Son nefeslerini vermek üzere olan bir insana büyük bir miras kaldığı müjdesini verseniz zevk alır mıydı, yoksa büyük bir acı mı hissederdi? İmanı kaybetme durumunda ise bundan bin kat elem vardır. Çünkü mevzubahis olan sonsuz Ahiret hayatıdır.

İmanını kaptıran Mümin, Peygamberimizi ebediyen göremeyecektir. Ebedi gençlik, ebedi muhabbet, ebedi aşk ve ebedi nimetlerin hepsinden mahrum kalacaktır. Dünyadayken menkıbelerini dinlediği yüzbinlerce Peygamberi (s) göremeyecek, yüzmilyonlarca evliyayı göremeyecektir. Çünkü, Cenneti ve içindeki her şeyi bir buzlu kadehe değişmiştir. Hapishanedeki insanın dışarıda muhteşem bir hayat olduğunu bilmesi hapisteki acıyı binlerce kez artırması gibi, Cehenneme giren bir insanın hemen biraz ötesinde Cennetin olduğunu bilmesi ve oradaki sonsuz nimetleri kaçırdığını bilmesi Cehennem azabını binlerce kez artıracaktır.

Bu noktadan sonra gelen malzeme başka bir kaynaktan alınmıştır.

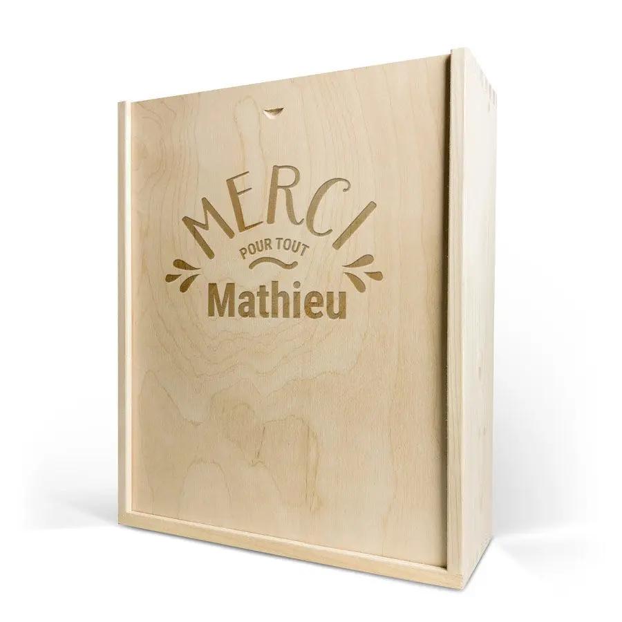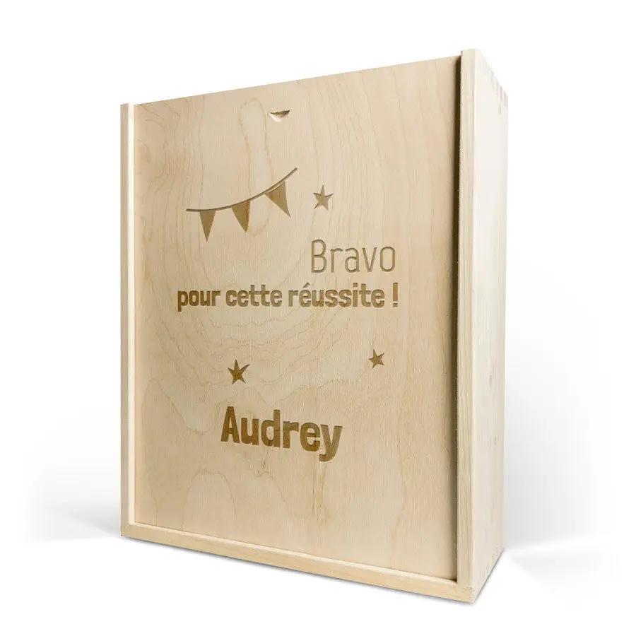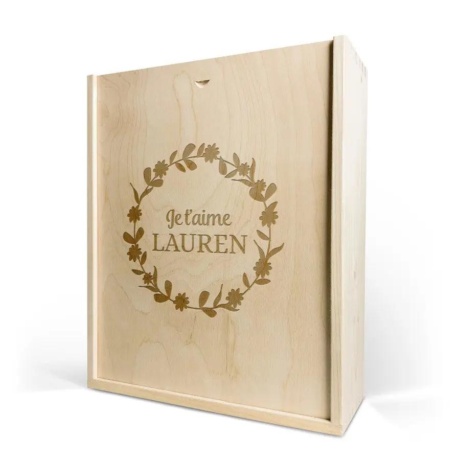 Una deliciosa botella de champán Moët & Chandon con dos copas. En una lujosa caja de madera grabada, con tu diseño. ¡Salud!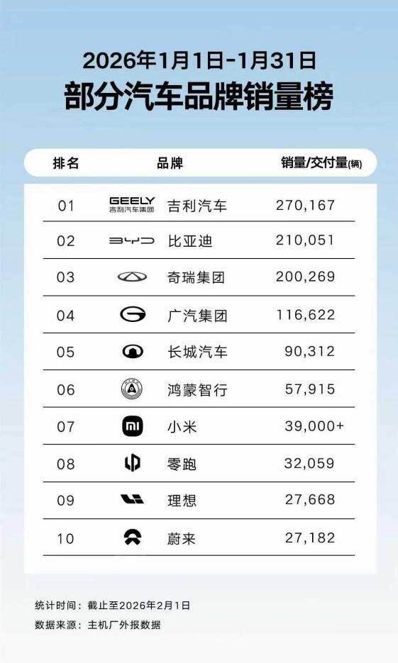 吉利无疑开了个好头。以突破27万辆的乘用车市场表现,摘得中国品牌车企销量排名的第一位。无论是产品矩阵的完善、技术壁垒的构建,还是全球化布局的提速,都为吉利汽车2026全年345万辆、控股瞄准2030年650万辆的目标,提供了有力支撑。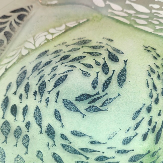 Ce plat a une légere transparence, il est encore plus beau sur une nappe blanche ou très clair. C'est un joli cadeau pour tous les amoureux de la mer et de l'artisanat.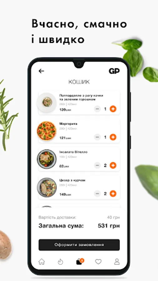 View available dishes on the menu, order lightning delivery and receive notifications of new dishes.
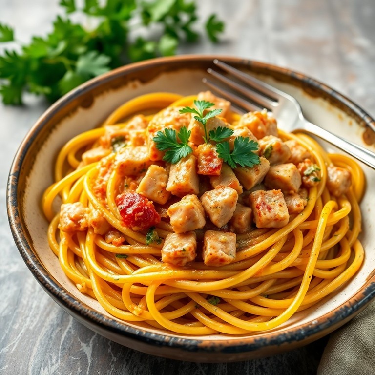 - Spaghetti au thon, courgettes sautées et pâte de curry verte

İşte bu yüzden her Mü’minin en büyük meselesi son nefesinde imanı kaptırmamaktır. İmanla ölmek ve imanla kabre girmektir.

Güneş gibi bir hakikat varken, mum ışıklarına müteveccih olunmaz. Şimşek gürültüsü gibi bir seda varken, sinek vızıltılarına kulak verilmez.

Eden varsa ya divanedir ya da aklından zoru vardır. Her gün yüz binlerce defa insanı mezaristana boşaltan ölüm, insana en büyük hakikati haykırmaktadır. Ezan sesleri, selâ sesleri, hızla geçen günler, saçlarımızdaki beyaz teller, geceyle gündüzün arka arkaya gelmesi, sevdiklerimizin Allahaısmarladık! bile diyemeden birer, birer vefat etmesi ve daha böyle yüzlerce olay insana en büyük meselesini haykırmaktadır…

“Bak, sıraya girmiş, tabutlar ayrı ayrı...

Gör, unuttukları kabre koşuşan insanları...

Seherde öten horoz, trenin çığlıkları,

Bu kaçıncı çağrı?

Bu kaçıncı uyarı ?

İnsan duymuyor mu ?

Duymayacak mı ?

"KOŞUN KURTULUŞA" diye,

AĞLAYAN EZANLARI !!!”  (1)

Akıllı insan lehinde ve aleyhinde olan şeyleri bilen ve gereğini yapabilen insandır. Bazen yeni açılan mağazalar büyük kampanyalar yapıyor. Piyasa şartlarına göre büyük indirimler yapıyor. İnsanlar bu indirimlerden yararlanabilmek için iki saat, üç saat önceden mağazanın önüne geliyor ve saatlerce kuyrukta bekliyor. Soğuk ve sıcağa aldırmıyor. İçerde yaşadığı izdiham itilmek kakılmak da cabası. İnsan aklı, birazcık indirimli mal alabilmek için saatlerce önceden mağazanın kapısı önüne gelmeyi ve saatlerce ayakta beklemeyi ve içerde itilmeyi kakılmayı akıllıca bir davranış olarak görüyor. Ama ebedi hayatın anahtarı hükmünde olan namaza gelince on dakika ayırmayı çok görüyor.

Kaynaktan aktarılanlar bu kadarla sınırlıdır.